Image copyright Ed Araquel
Image caption Stellan Skarsgard is a wealthy businessman who tries to show Hector that money can buy happiness

The book, Hector and the Search for Happiness - part novel, part self-help manual - was published in 2002. Francois Lelord has since published Hector and the Secrets of Love and Hector and the Search for Lost Time.

"I chose not to read it before I started shooting," admits Pegg. "Because I wanted to extrapolate my performance from the script rather than the book and didn't want to get the two confused."

He adds: "It was was the right thing to do."

A review in the Independent of the first book said: "Hector's lessons for life may verge on the banale - make sure to be good to your friends, be loved for who you are, take holidays in the sun - but their effect is unexpectedly cheering.

"The book has been billed as a 'feelgood gem' and it has so far sold more than two million copies - perhaps proving that it has made the world a happier place."

Some of Hector's life lessons, which he picks up along his way are flashed across the screen though Pegg himself concedes the secret to happiness can't be summed up in a few pithy quotes.

"I don't think it can, " he says. "I think that's kind of the point of those maxims that appear on screen, is that it can't be reduced to a soundbite or defined by a single line, it is something much more profound and complex than that.

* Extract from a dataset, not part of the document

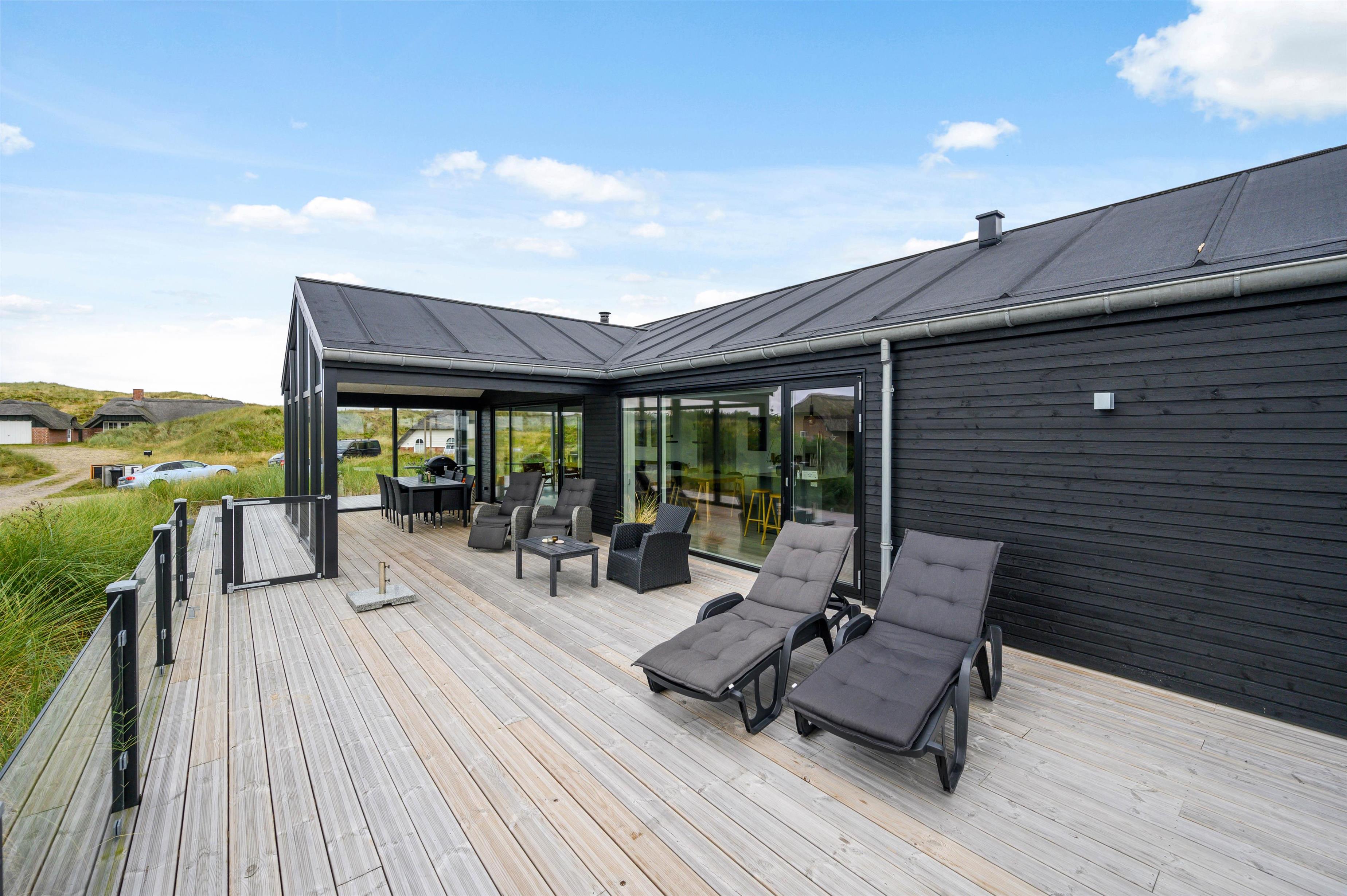 Også udvendigt får I de lækreste omgivelser. Bilbergsvej 79 byder på en skøn udestue, så I kan nyde den friske havluft og den fantastiske udsigt selv i regn og blæst, og der er selvfølgelig også sørget for gode havemøbler og liggestole til de varme sommerdage. Er I mere til en dukkert i Vesterhavet, er stranden kun i en afstand af 400 meter væk fra feriehuset.

"One of the things that rings true for me is that the route to happiness is not avoiding unhappiness. You have to know unhappiness to be happy."

According to recent reports, Americans have been less happy with each passing decade since 1900.

In Europe, happiness declined until 1950 and has been increasing steadily since. In a study by a property website, Inverness is the happiest place in Scotland and the second happiest in the UK while east London was the poll's least happy location.

And the cause of this emotional malaise? Is it the internet? Games consoles? Social networking? Video on demand? Fast food? Fabric conditioner? Take your pick says Pegg:

"Part of our condition as a middle-class 21st Century elite is that, because there hasn't really been any hardship for us, we're probably potentially more happy than any generation has ever been but we're not because we don't know what it is.

"We have nothing to compare it to, everyone is so bored, they're playing video games and acting like children because we have no context for what happiness is, all we know is comfort and comfort isn't necessarily happiness."

Hector and Search for Happiness is out in UK cinemas on 15 August.